After a jury found the Minnesota police officer who killed Philando Castile not guilty on Friday, Castile's mother Valerie pushed back against the decision. Philando Castile is a St. Louis County, Missouri native.
"People have died for us to have these rights and now we're devolving. We're going back down to 1969. Damn. What is it going to take? I'm mad as hell right now, yes I am," she said.
Castile defended her son, who was killed in July, saying he would never jeopardize someone's life, especially with his girlfriend and her child in the car at the time. Philando Castile was killed during a traffic stop, and his girlfriend live streamed the moments after on Facebook Live.
"I will continue to say murder because where in this planet do you tell the truth and you be honest and you still be murdered by the police of Minnesota?" Castile asked.
Later Friday, thousands of people gathered on the steps of the state Capitol in St. Paul, holding signs and banners and chanting in response to the not guilty verdict.
Jeronimo Yanez was cleared of a manslaughter charge as well as two lesser charges. After the verdict was read, Castile yelled an expletive and family and friends left the courtroom in tears.
"My son loved this state. He had one tattoo on his body, and it was of the Twin Cities," Castile said. "My son loved this city, and this city killed my son."
Castile also addressed the crowd directly after leaving the courthouse, expressing her disappointment.
"The system continues to fail black people, and it will continue to fail you all.
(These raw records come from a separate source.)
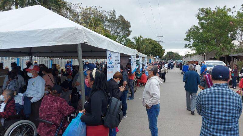 Este miércoles, al ser el octavo día de vacunación, por la mañana ya se presentaba una fila de al menos un kilómetro de distancia, esto luego de que mucha gente de otros municipios está llegando para aprovechar y vacunarse.
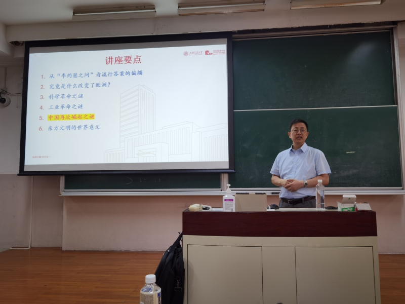 文一教授从工业革命前的世界秩序为背景,带领同学们探寻促使欧洲在近代发生改变的因素,从而回答科学与工业革命之谜,并进一步解答了中国再次崛起之谜。文教授最终得出结论:17-18世纪的科学革命其实是热兵器战争下军备竞赛的产物,社会需求才是推动科学革命和技术变革的最大动力;解开“科学革命密码”具有重大的时代意义,欧洲文明的基因密码就是:不在国家竞争中崛起,就在国家竞争中灭亡。
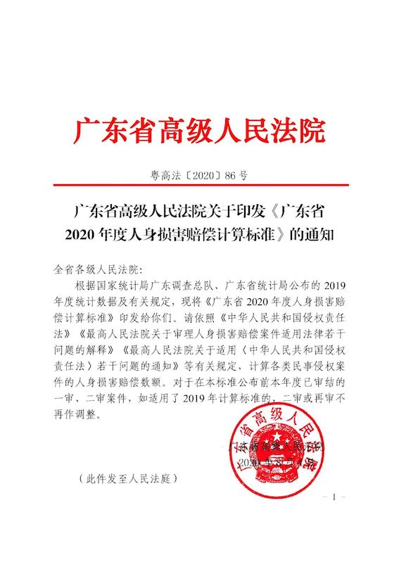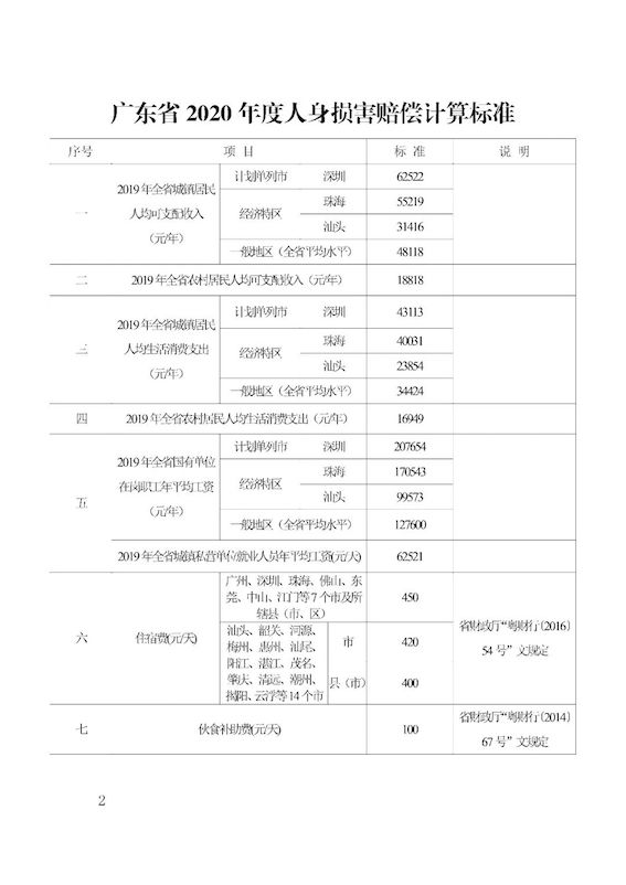 廣東省高級人民法院關于印發《廣東省2020年度人身損害賠償計算標準》的通知
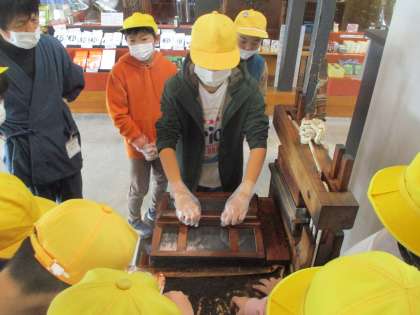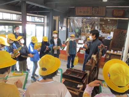 池田屋安兵衛商店では、富山の売薬の歴史について教えていただきました。また、薬の反魂丹を作る体験もしました。
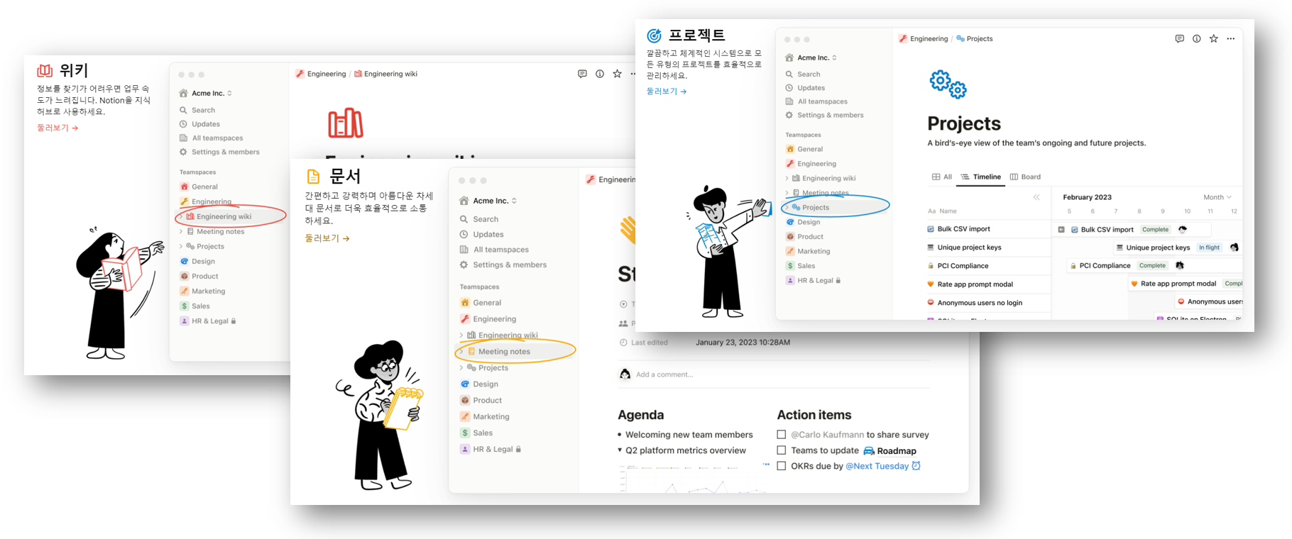 노션은 사용자의 역량에 따라서 문서작업, 프로젝트 진행, 조직에서의 위키와 같이 다양한 방법으로 활용할 수 있다는 장점이 있습니다. PC와 스마트기기의 연동이 편리하다는 장점도 있고요, 태그 형식으로 데이터를 관리할 수 있다는 장점도 있습니다.
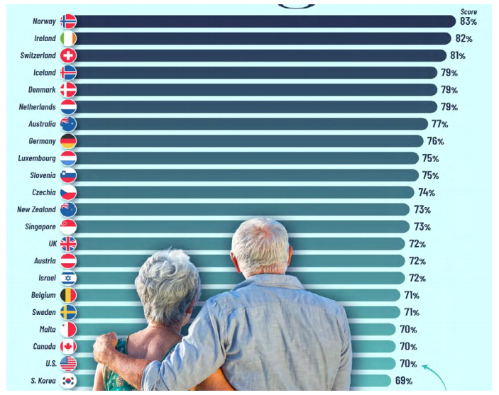 The 2025 Natixis Global Retirement Index ranks countries across four pillars: retirement finances, material wellbeing, health, and quality of life. This year’s results show Europe continuing to out-perform, while North America slips further down the table.

Like I said, because this happened with Philando, when they get done with us, they coming for you, for you, for you and all your interracial children," Castile said. "Y'all are next, and you will be standing up here fighting for justice just as well as I am."
Meanwhile, in St. Louis, the family of Castile spoke out on the verdict.
“I prayed every day that we'd get a conviction,” said Philando Castile’s uncle Stacy Castile. He and his brother Gregory Taylor watch from St. Louis County Friday as as the Minnesota jury acquitted officer Yanez in their nephew’s death.
“Everybody is hurt and crying,” said Taylor of the family’s reaction to the news. “We thought sure that we'd get some justice this time.”
“I'm fighting mad. It's not like I'm going to go out and hurt nobody but this type of treatment can't continue. But it's been continuing.”